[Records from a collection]
"""

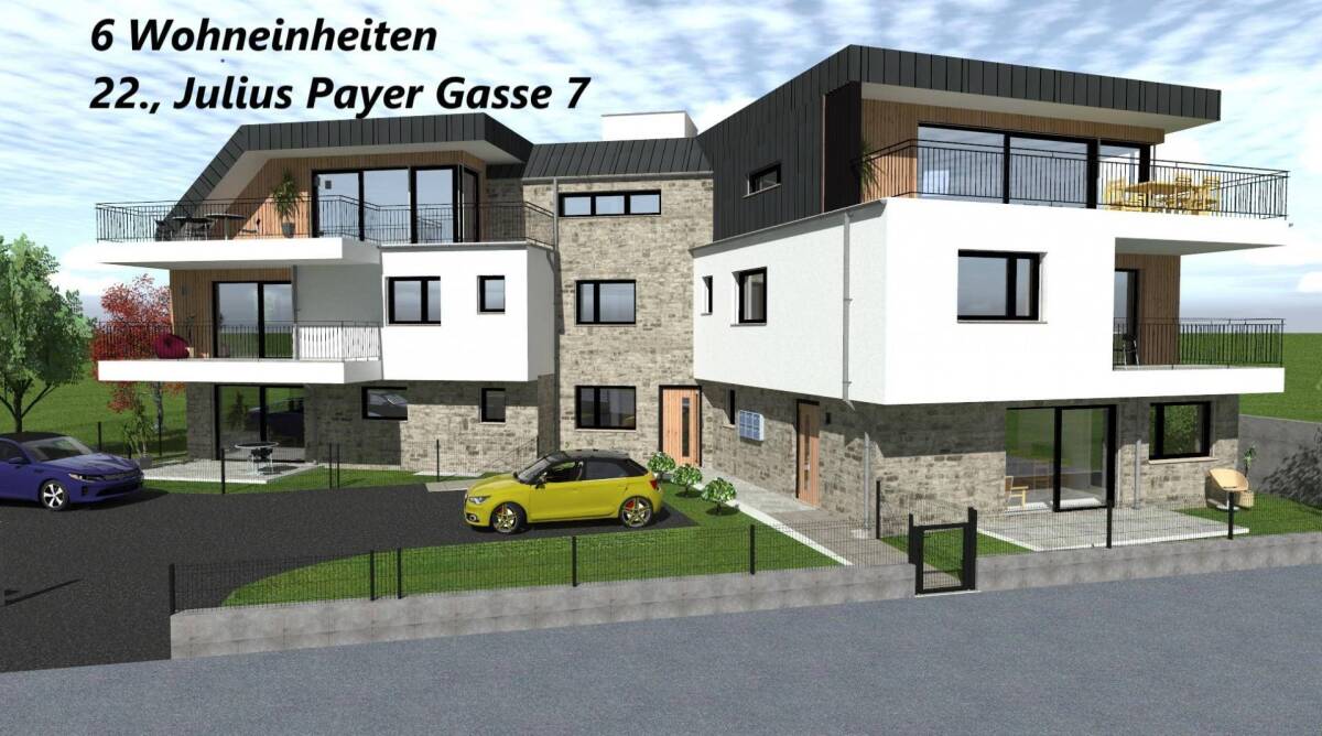 Das Projekt KAISERMÜHLEN LIVING wird in der Julius Payer Gasse 7 im 22ten Wiener Gemeindebezirk Kagran wird von der Fa 2LIVING ROHA Immobiien GmbH entwickelt. Es handelt sich um einen Baurechtsgrund des Stifts Klosterneuburg mit 100 Jahren Laufzeit und Option zur Verlängerung.Die Fa. Schwarhofer Planung und Bau GmbH als wirtschaftlicher Baurechtseigentümer der Liegenschaft ist Mitgesellschafter der Fa. 2Living ROHA Immobilien GmbH.Die Liegenschaft – mit Blick auf das Kaiserwasser - befindet sich in Kaisermühlen, einem der attraktivsten Stadtviertel Wiens, welche aufgrund seiner zentralen Lage mit guter Anbindung an den öffentlichen Verkehr sowie einer Vielzahl an Erholungsgebieten in unmittelbarer Umgebung sehr beliebt ist.Die U-Bahn-Station „Kaisermühlen VIC“ der Linie U1 ist unter 8 Minuten fußläufig erreichbar, von denen Sie direkt ins Zentrum der Stadt gelangen !Die ruhige und grüne Umgebung bietet insbesondere mit dem Kaiserwasser, dem Gänsehäufl, der Alten Donau, der Donauinsel, sowie der Neuen Donau – alle fußläufig erreichbar - die besten Erholungsgebiete der Stadt an und ermöglicht ein Wohnen am Wasser mitten in der Stadt. Das Donauzentrum ist gut angebunden und bietet umfangreiche Einkaufsmöglichkeiten. Die Uno City samt internationaler Hotelerie rundet den Flair und Ruf für Wien als Weltstadt in unmittelbarer Nähe ab.Das Wohnbauprojekt LIVING KAISERMÜHLEN hebt sich durch folgende Ausstattungsmerkmale besonders vom marktüblichen Standard ab:Energieeffiziente Gebäudehülle in MassivbauweiseFußbodenheizung mit Wasser- Wasser WärmepumpeInkludierte Beschattung mit Raffstore elektrischAussergewöhnliche Architektur durch edle Fassadenoberflächen Bodenkühlung im Erd- und Obergeschoss durch die Wärmepumpe sowie Kühlung durch Klimaanlage mit Splitgeräten im PenthouseAuf dem Grundstück wird ein Wohnhaus mit 6 Einheiten mit Keller, Erdgeschoß, Obergeschoß und Dachgeschoß in Massivbauweise errichtet. Die Wohnungen im Erdgeschoß verfügen über einen Eigengarten, die Wohnungen ab Obergeschoß großzügige Terrassenflächen.Eine energieeffiziente Gebäudehülle sowie der Einsatz von Wasser-Wärmepumpen für Heizen und Warmwasseraufbereitung in Kombination mit einer Fußbodenheizung schont die Umwelt, sorgt für angenehmes Raumklima und spart Betriebskosten. Außenliegende und elektrisch gesteuerte Verschattungseinrichtungen in Kombination mit einer passiven Kühlung über die Luft-Wärmepumpe schützen im Sommer vor Überhitzung. Zusätzlich wird das Dachgeschoß bzw. Penthouse mit einer Klimaanlage mit Splitgeräten für die heißeren Tage ausgestattet.
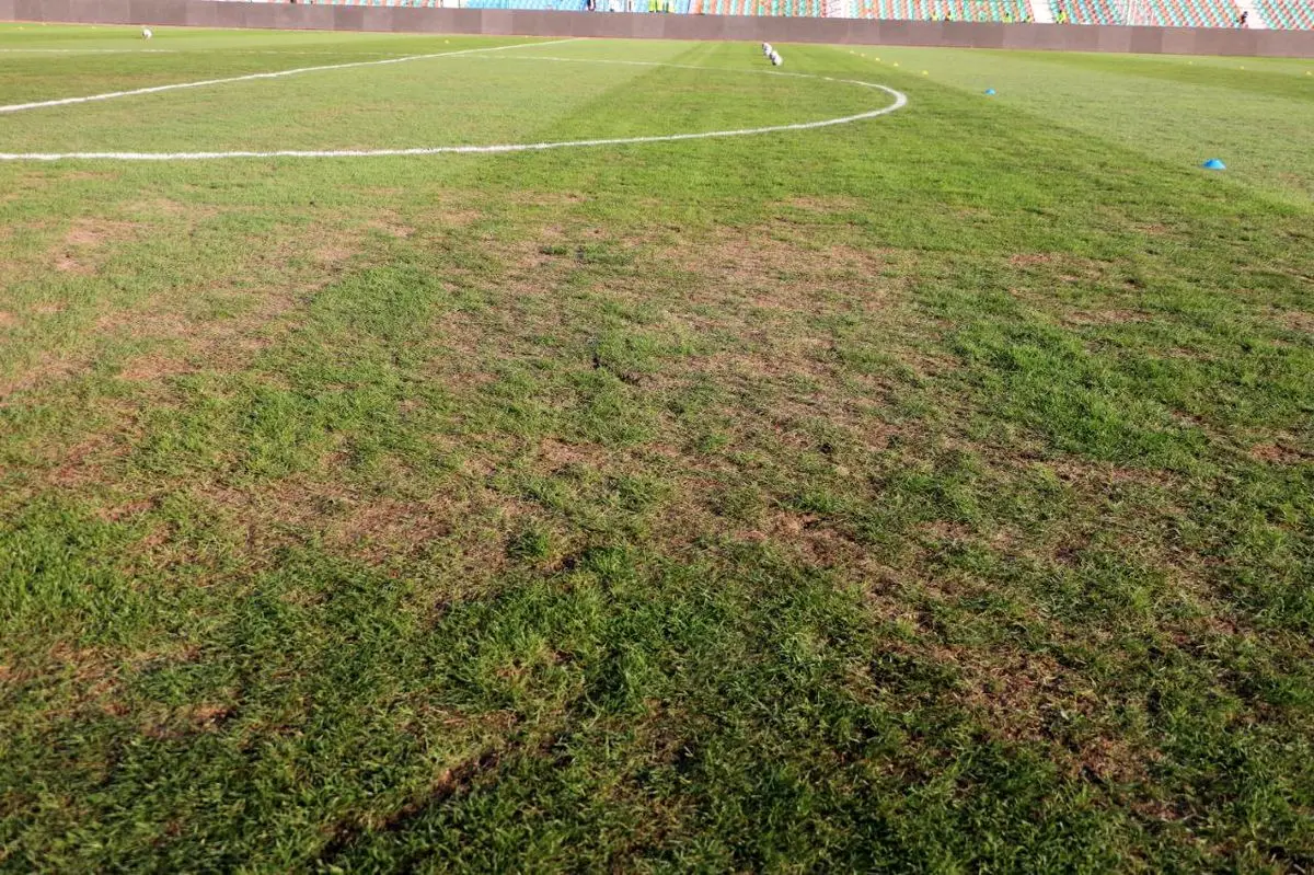 در همین راستا ویدئویی در یک برنامه تلویزیونی از وضعیت چمن منتشر شد. در این ویدیو مشخص شد که چمن ورزشگاه دچار آسیبهای جدی شده و چالهها و پستیبلندیها با سنگ پر شدهاند. همین مسئله باعث شده که بازیکنان هنگام بازی روی چمن بسیار سر بخورند، چرا که کیفیت زمین دیگر مانند گذشته نیست و استاندارد لازم برای بازی حرفهای را ندارد.
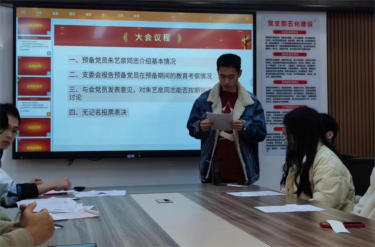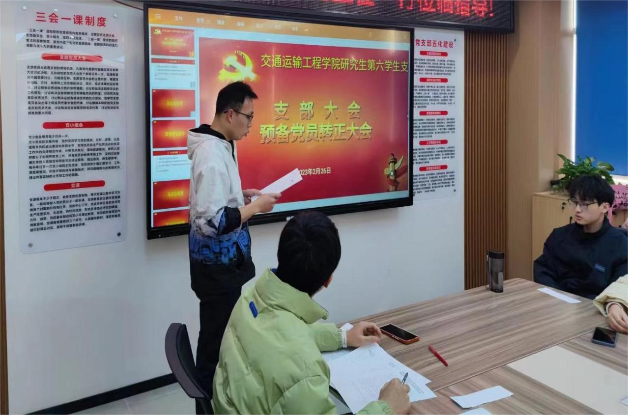 2月26日上午10:00,交通院研究生第六党支部于第一综合教学楼530举行备党员转正大会,讨论预备党员侯睿哲、朱艺泉和胡淦三位同志的转正事宜,会议由党支部组织委员周少宇主持。
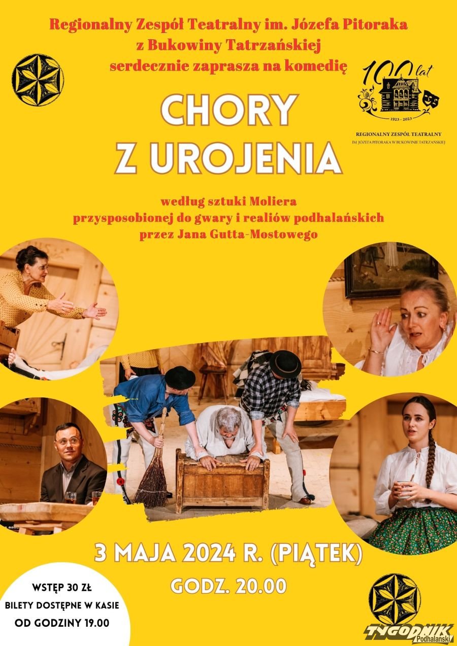 Również w piątek 3.05, ale o godzinie 20: Sztuka teatralna „Chory z urojenia” – Regionalny Zespół Teatralny im. Józefa Pitoraka z Bukowiny Tatrzańskiej.
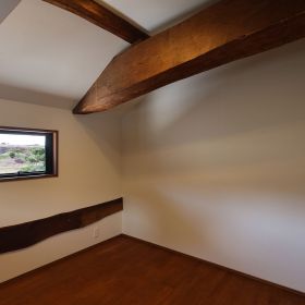 改修前の写真 (左から順に外観・玄関・小屋裏)
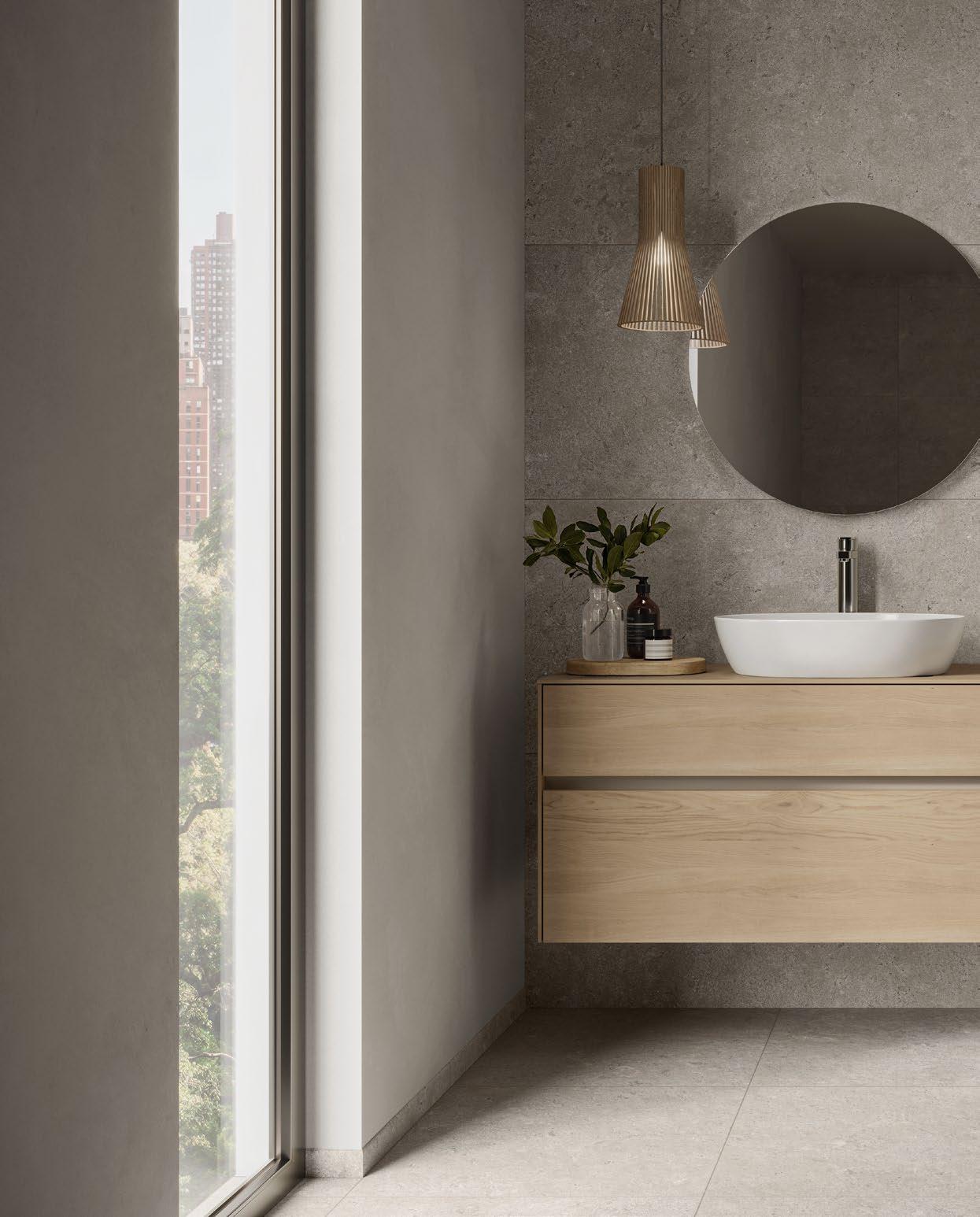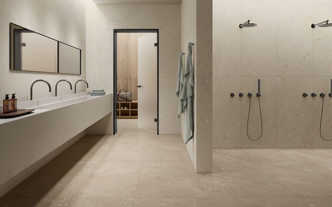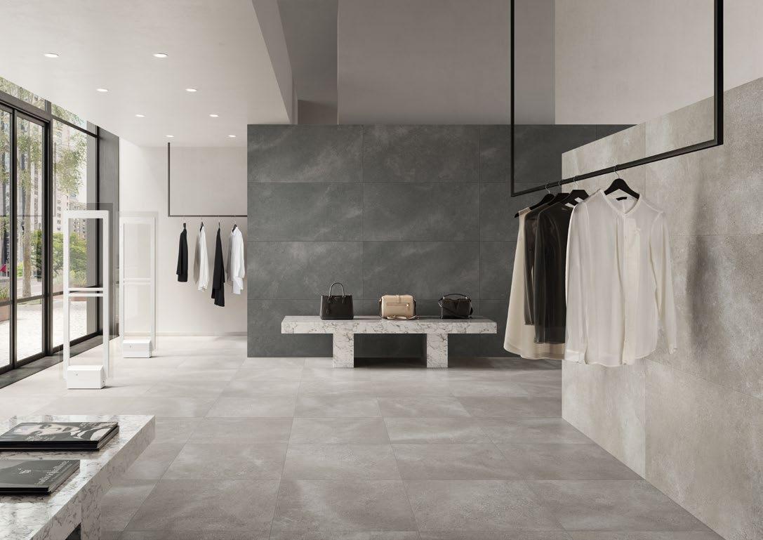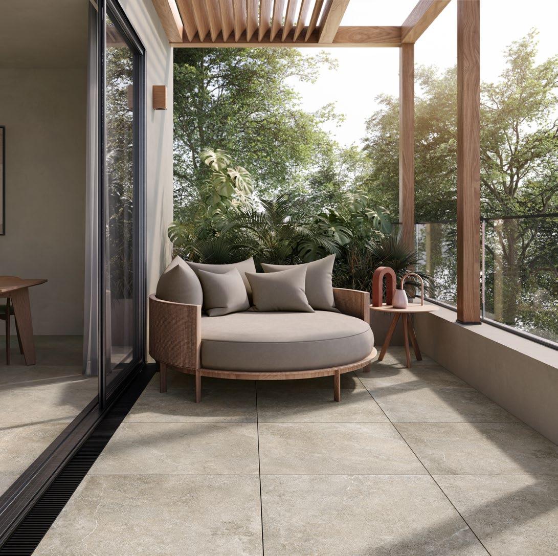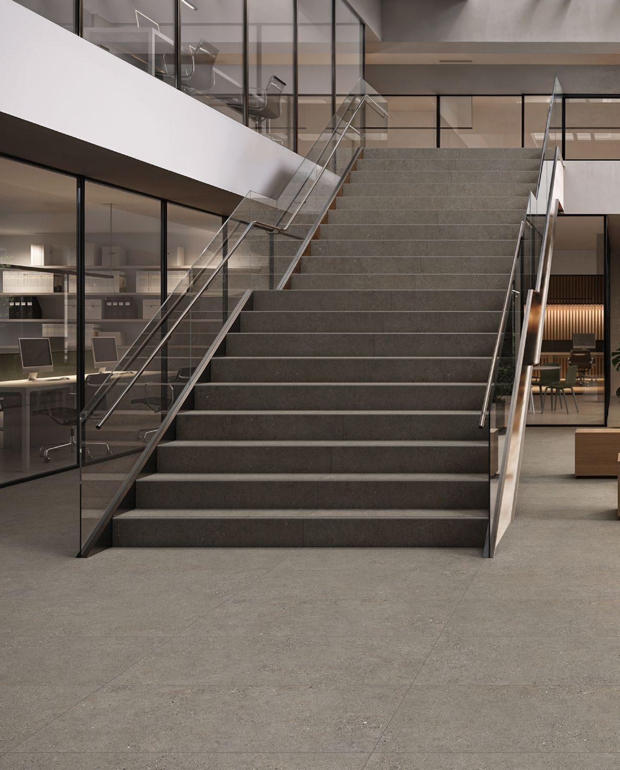 VilboTouch, a new surface finish with a soft look, created as a symbiosis of aesthetic appeal and technical functionality. The microscopically fine structure ensures that the tiles comply with slip-resistance class R10 while also providing for an easy-care finish.

"""

* Problem to work on
What is needed is a word-for-word copy of the lines from the one containing "改修前の写真 (左から順に外観・玄関・小屋裏)" through the final line of the records above, both included, with the pictures left out.

* Response to this task
 改修前の写真 (左から順に外観・玄関・小屋裏)
 VilboTouch, a new surface finish with a soft look, created as a symbiosis of aesthetic appeal and technical functionality. The microscopically fine structure ensures that the tiles comply with slip-resistance class R10 while also providing for an easy-care finish.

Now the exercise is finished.